> _Material provided_
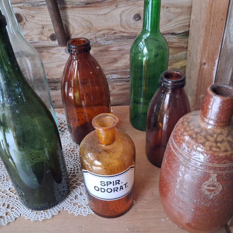 12stk div gamle flasker etc
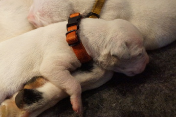 Jetzt sind die Zwerge schon einen Tag alt. Alle trinken gut und halten Mama Lotte auf Trab. Denn die hat jetzt allerhand zu tun: neun kleine Welpen sauber machen, ablecken und mit Milch versorgen ist schon ein Fulltime Job! Da darf man sich auch von Herrchen und Frauchen verwöhnen lassen und sich Futter und Wasser in die Wurfkiste reichen lassen...
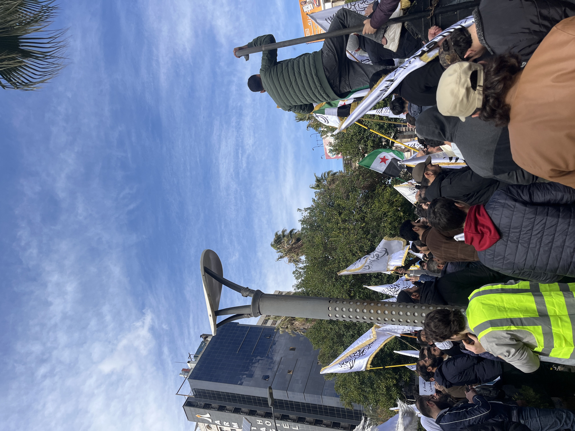 This image depicts a crowded outdoor gathering in As-Salihiya Municipality, Damascus, Syria, under a blue sky with scattered wispy clouds. The foreground and midground are filled with numerous individuals, predominantly male, standing closely together. Multiple white flags emblazoned with black Arabic calligraphy are prominently displayed throughout the crowd, along with at least one Syrian opposition flag (green, white, black stripes with three red stars). A man in a green puffer jacket and dark pants is visible from behind, elevated on a dark platform in the midground right, holding a metal pole. Another individual in the immediate foreground wears a bright yellow reflective safety vest. In the midground left, a tall, modern street light with a gray, cylindrical, perforated pole and a light-colored, flat, curved top is centrally positioned. Behind the crowd on the left, a multi-story building with dark reflective windows, identifiable as part of the Al Armash Hotel, stands tall. Green trees and palm trees are visible between the buildings and the crowd, and a billboard with orange elements is partially visible in the upper right background.
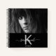 A chic black background.  Personalise and add your own photo, a name, monogram letter and a year. The name is written in white with a large modern hand lettered style script with swashes. The monogram letter in grey. For school, work as a diary and journalling. To keep the swashes only delete the sample name, leave the spaces or emoji's in front and after the name
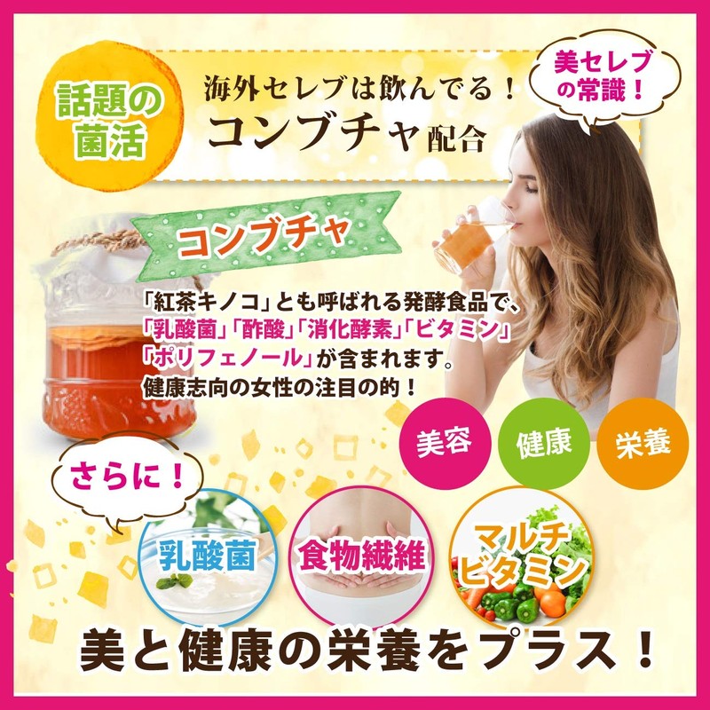 - ✅話題の成分「コンブチャ」を配合。美セレブの間では常識のコンブチャを配合 コンブチャには「乳酸菌」「消化酵素」「ポリフェノール」「ビタミン」「酢酸」が 含まれてます。
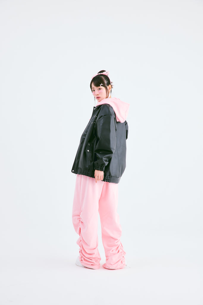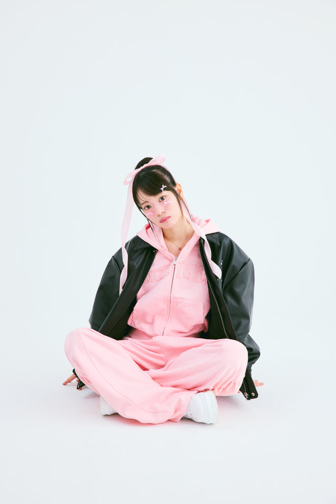 同時にリリースするスウェットのセットアップとのスタイリングは
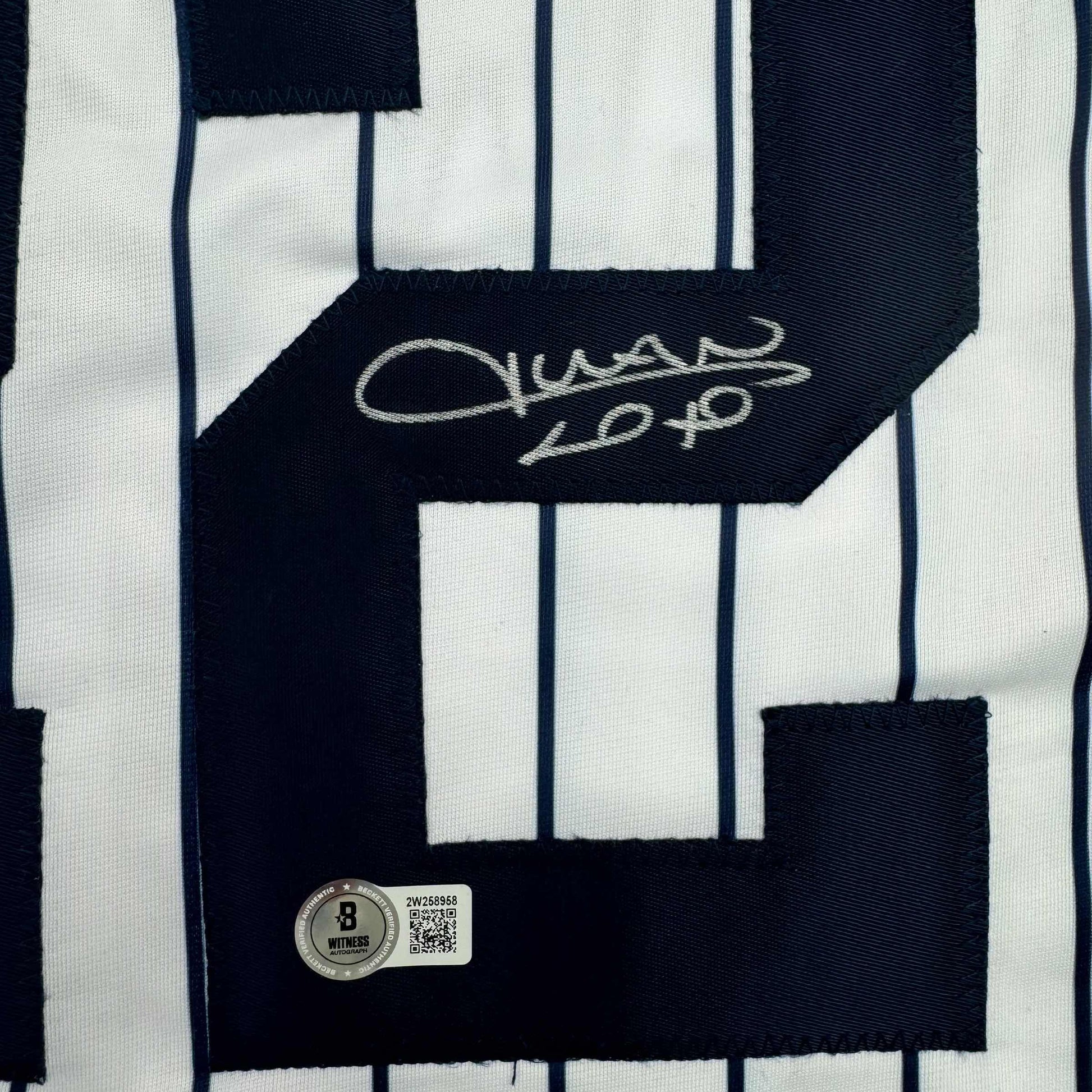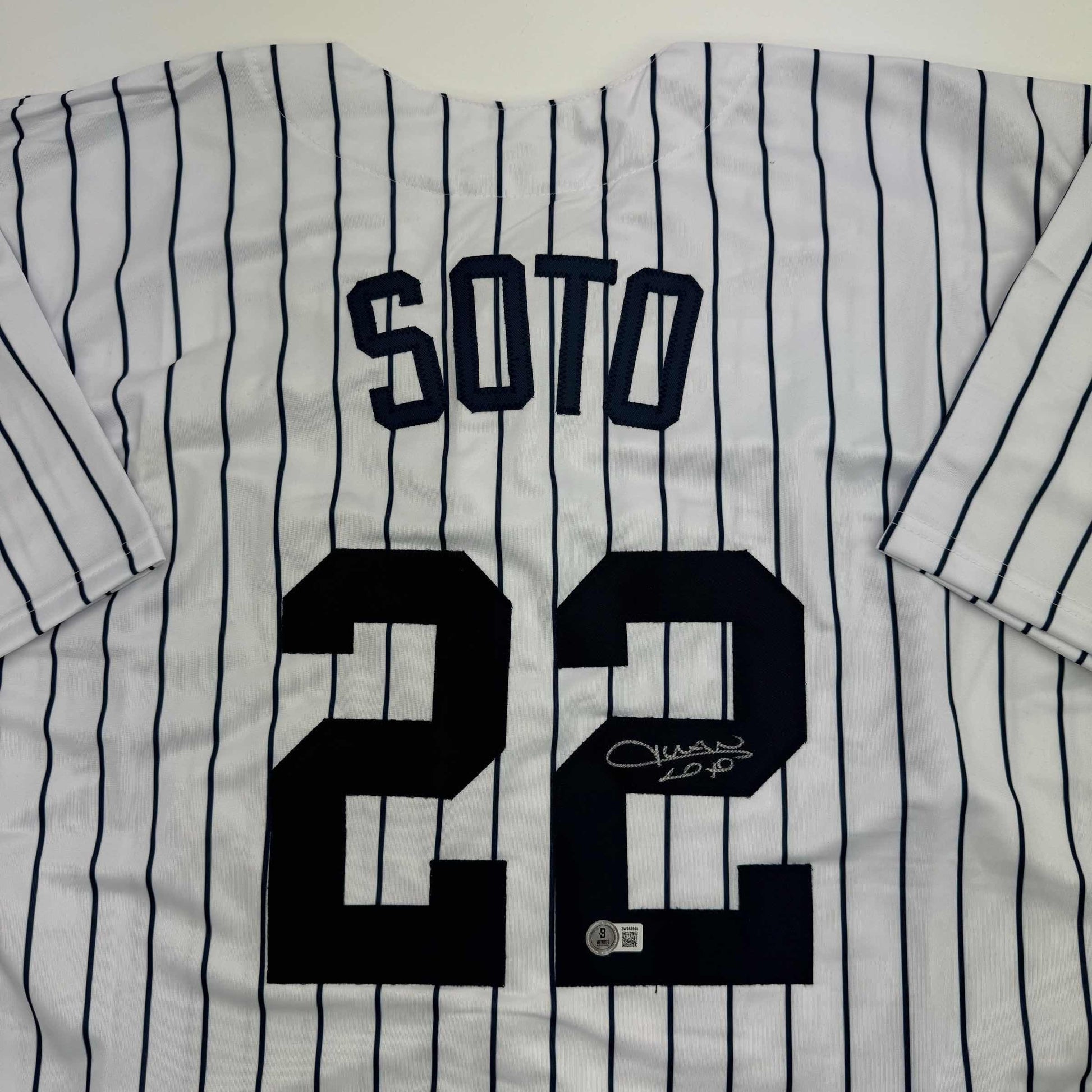 Autographed/Signed Juan Soto New York Pinstripe Baseball Jersey Beckett BAS COA

> _Task description_
Exactly the lines from the one that contains "同時にリリースするスウェットのセットアップとのスタイリングは" to the last line of the data, both included, should be set down, and no pictures should appear among them.

> _Answer to this task_
 同時にリリースするスウェットのセットアップとのスタイリングは
 Autographed/Signed Juan Soto New York Pinstripe Baseball Jersey Beckett BAS COA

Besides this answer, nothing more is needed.